“Damn…haven’t seen him since he stopped by our place a few years back.” Mac returned the smile.
“Okay. So.” Frost ticked off his fingers. “Movie and dinner, then find that Motley Crew.”
Noah chuckled. “Sounds good. Let’s find rooms first.”
“I wonder what the op is?” Seth said, hooking his arm through his.
Frost huffed out a breath and shook his head.
“Genesis doesn’t need help unless it’s bad,” he said. “This is going to be a problem.”
Later that evening…
Time had dragged through the afternoon and into the evening. Damn, he was bone weary. His shoulders carried it, heavy and unrelenting.
Sage lifted his gaze from the coffee cup in his hands—the heat long gone. It left a dull, stale taste at the back of his tongue. He looked to where Law sat beside him.
Broad shoulders, steady and unmoving.
Those whiskey-colored eyes moved slowly, catching everything without looking like he was trying.
Close—protective, steady, impossible to ignore. Close enough to feel the heat of him.
Law had come for him.
His team was right. They were definitely a thing.
There was no denying it.
Sage’s pulse kicked once, hard, and he searched for something to say.
“A far cry from the Fourth, huh?” He grimaced.
“Hey.” Law’s mouth tipped into a faint smile that made Sage want to kiss him. “We’ll have more Fourths.”
“Yeah?” He smiled.
“Yeah.” Law’s eyes held his.
The doors to the surgical waiting area pushed open, dragging Sage’s gaze away from him. The air carried that sterile edge that never quite faded. Conversation stalled for a beat. Even the nurses behind the glass stilled for half a beat before the quiet titter started—low, not quite subtle as the space filled all at once.
Black came through first—dark, fluid, moving like a panther slipping into a space it already owned. Lethal without trying.
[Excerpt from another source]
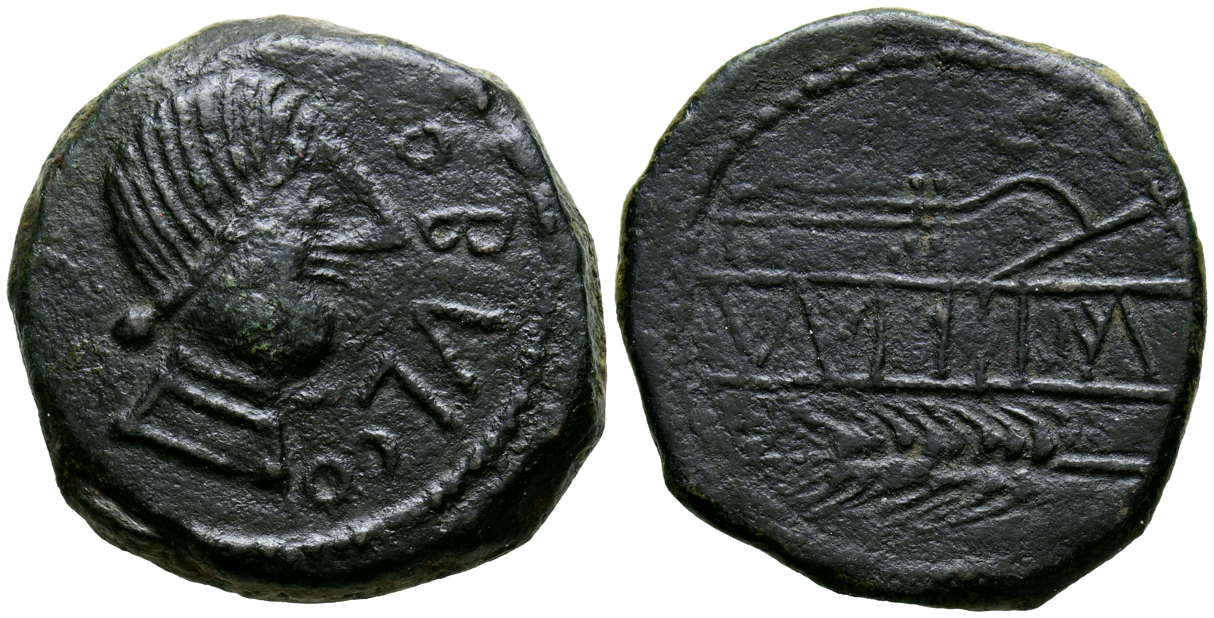 OBULCO (Porcuna, Jaén). As. (Ae. 18.60g/30mm). 220-20 Fine (FAB-1804). Obv: Female head facing right, legend in front: OBVLCO. Rev: Iberian legend: IBuLCa, between a plough on the right and a grain of wheat on the left. VF.

Behind him, Rip filled the doorway—big, powerful, his presence alone shifted the room again—and Boston slipped in at his side, lighter, sharper, eyes already moving, taking everything in.
Sage set the cup down without looking away.
Micah stepped in behind them, all long lines and quiet tension, willowy but wired tight—his focus snapping straight to Sage.
Black’s attention flicked once—Micah, quick check, no visible injuries—then shifted to Law.
Micah stepped around the group and held out a wrapped sandwich to Sage. “Got you something from the cafeteria.”
“Thanks.” Sage shot a glance toward Ashley. She looked like a ghost. Too still. Too pale.
“And for her too,” Micah said, already moving past him. He walked over and quietly offered Ashley a hot drink and a wrapped sandwich.
She looked startled for a moment, then gently took them.